The choice of treatment for PsA is individualized and should take into account factors such as comorbidities and patient preferences (e.g. route of administration, ease of use) [
53,
54]. Like all newer bDMARDs, secukinumab is administered subcutaneously. After appropriate training, secukinumab can be self-administered via a prefilled syringe or pen (Sect.
4). Such devices offer patients convenience and ease of administration, both of which may improve their adherence to treatment. In the FUTURE 3 trial, most patients were satisfied or very satisfied with the autoinjector and found it easy or very easy to use (Sect.

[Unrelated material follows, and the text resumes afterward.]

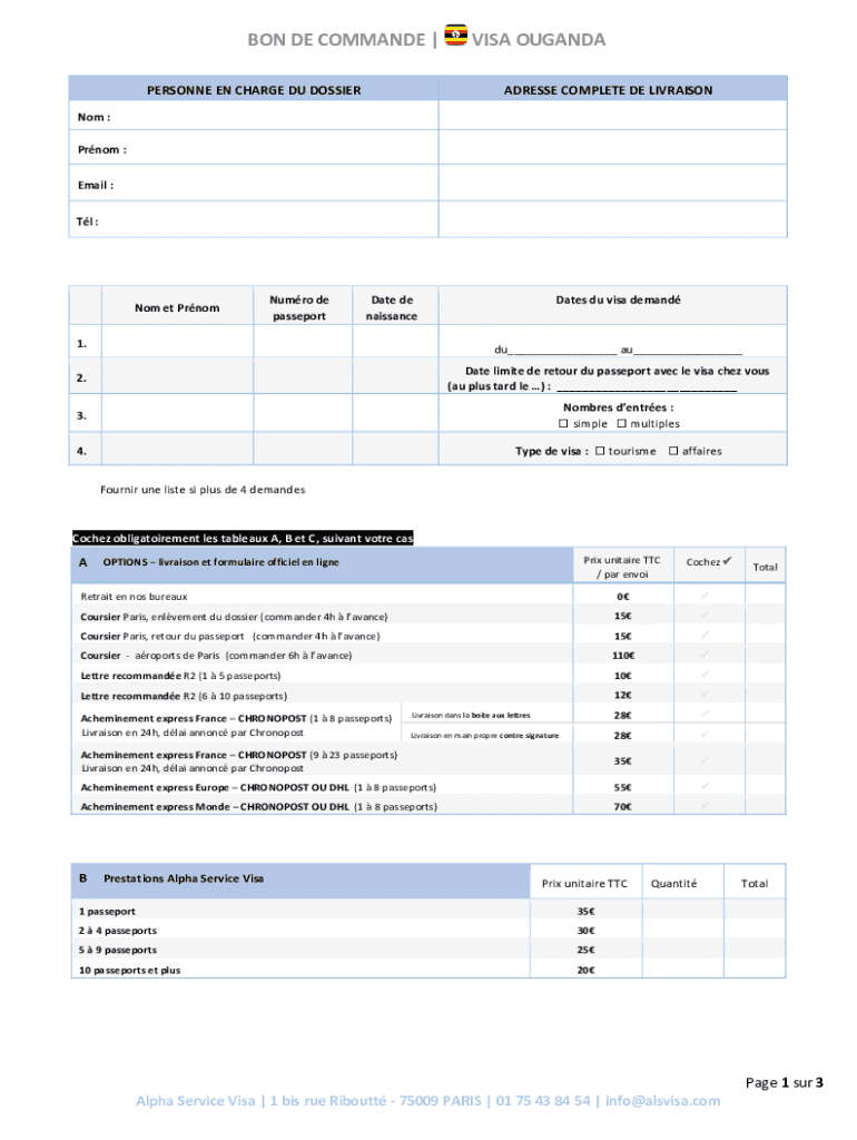 ON DE COMMAND | PERSONNEL EN CHARGE DU DOSSIERS UGANDA ADDRESS COMPLETE DE LIVRAISONNom : Prom : Email : Tl :Now met PrnomNumro de passeportDates Du visa mandate de naissance1. Du___ Au___ Date limited
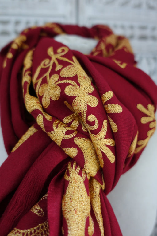 Stay warm and toasty while adding a unique touch to your wardrobe with this one-of-a-kind maroon wool embroidered shawl! Perfect for throwing on at...

2.1.1.3). In real-world clinical practice, secukinumab was associated with high levels of patient and physician satisfaction (Sect.
2.3).
Cost is another factor that can influence the choice of therapy in PsA. Current National Institute for Health and Care Excellence guidance indicates that secukinumab is cost effective in some clinical settings [
63]. Semi-Markov models were used to evaluate the cost effectiveness of secukinumab in patients with PsA from the perspectives of the German statutory health insurance system [
64] and the Argentinean social security healthcare system [
65]. Results suggest that, over a lifetime horizon, secukinumab is cost effective compared with other bDMARDs (adalimumab, certolizumab pegol, etanercept, golimumab, infliximab and ustekinumab) in both biological-experienced patients and biological-naïve patients (without or without concomitant moderate to severe psoriasis) [
64,
65]. Additional pharmacoeconomic data relevant to the EU and the USA would be useful.
In conclusion, subcutaneous secukinumab is effective across all key PsA domains and is generally well tolerated, with efficacy and tolerability sustained over the longer term. Thus, secukinumab represents a useful treatment alternative to TNFi and other bDMARDs in adult patients with active PsA.